From: Ard Biesheuvel @ 2021-11-09 12:03 UTC (permalink / raw)
To: linux-arm-kernel
Cc: catalin.marinas, will, Ard Biesheuvel, Mark Rutland, Peter Zijlstra
Call the inner NEON helpers using static calls rather than loading
their addresses from a struct.
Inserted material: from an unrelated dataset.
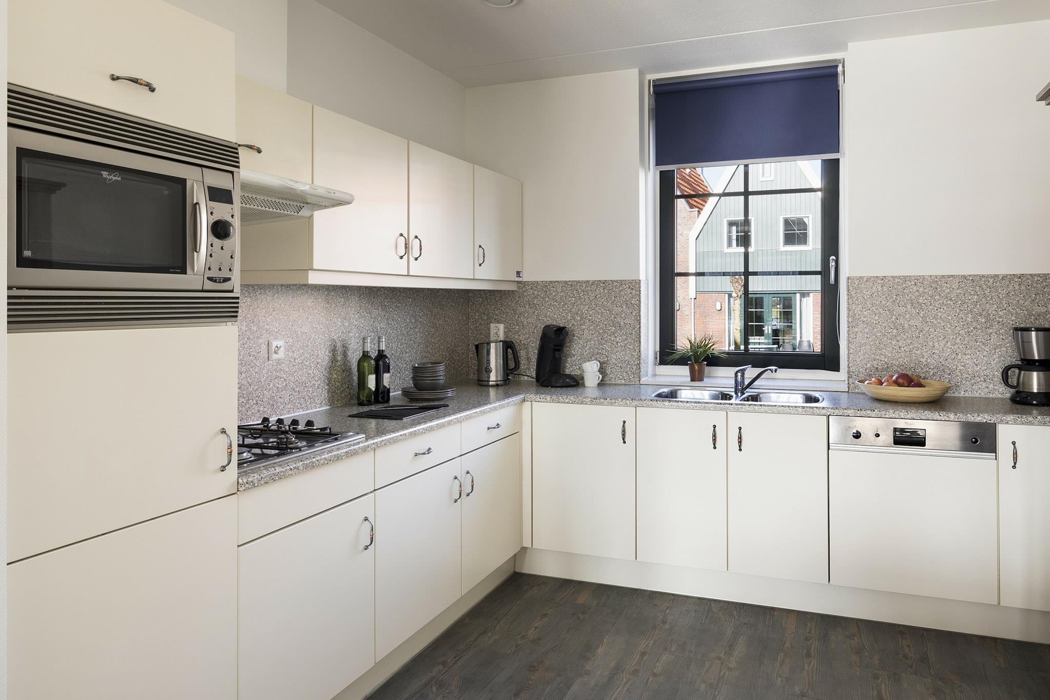 Oplev en afslappende ferie i dette stilfulde, nyrenoverede to-etagers hus i Marinapark Volendam. Med en lys stue, smart-tv og et fuldt udstyret åbent køkken – inklusive opvaskemaskine og mikroovn – har du alt, hvad du behøver for et bekvemt og hyggeligt ophold. Ovenpå tilbyder to rolige soveværelser fleksible sovepladser med boxmadrasser, og et elegant badeværelse med bruser fuldender rummet. Træd ud på din private altan med havemøbler og nyd udsigten over den maleriske marina. Dette hjem ligger i hjertet af Volendam og tilbyder det bedste fra begge verdener: en fredelig park og nem adgang til en af Hollands mest ikoniske landsbyer. Slentre rundt i havnen med dens charmerende træhuse, besøg Volendam Museum eller tag en kort færgetur til den maleriske ø Marken. Gæsterne har også adgang til den fælles indendørs swimmingpool, der er perfekt til afslapning året rundt. Volendam er et paradis for madelskere, især hvis du har lyst til friske fisk og skaldyr. Gå til de nærliggende restauranter ved diget og smag røget ål, sprød kibbeling eller sild tilberedt på traditionel hollandsk vis. For et afslappet måltid kan du sætte dig på en terrasse og se bådene glide forbi. Bemærk: Kæledyr er ikke tilladt, hvilket sikrer et rent, allergivenligt rum for alle gæster. Uanset om du er her for den berømte Volendam-messe eller et roligt ophold ved vandet, er dette hjem det perfekte match.

This will be used in a subsequent patch
to switch between NEON and SHA3 based implementations of the XOR code.
Signed-off-by: Ard Biesheuvel <ardb@kernel.org>
---
arch/arm64/include/asm/xor.h | 24 ++++++++++++++++----
arch/arm64/lib/xor-neon.c | 20 +++++++++-------
2 files changed, 31 insertions(+), 13 deletions(-)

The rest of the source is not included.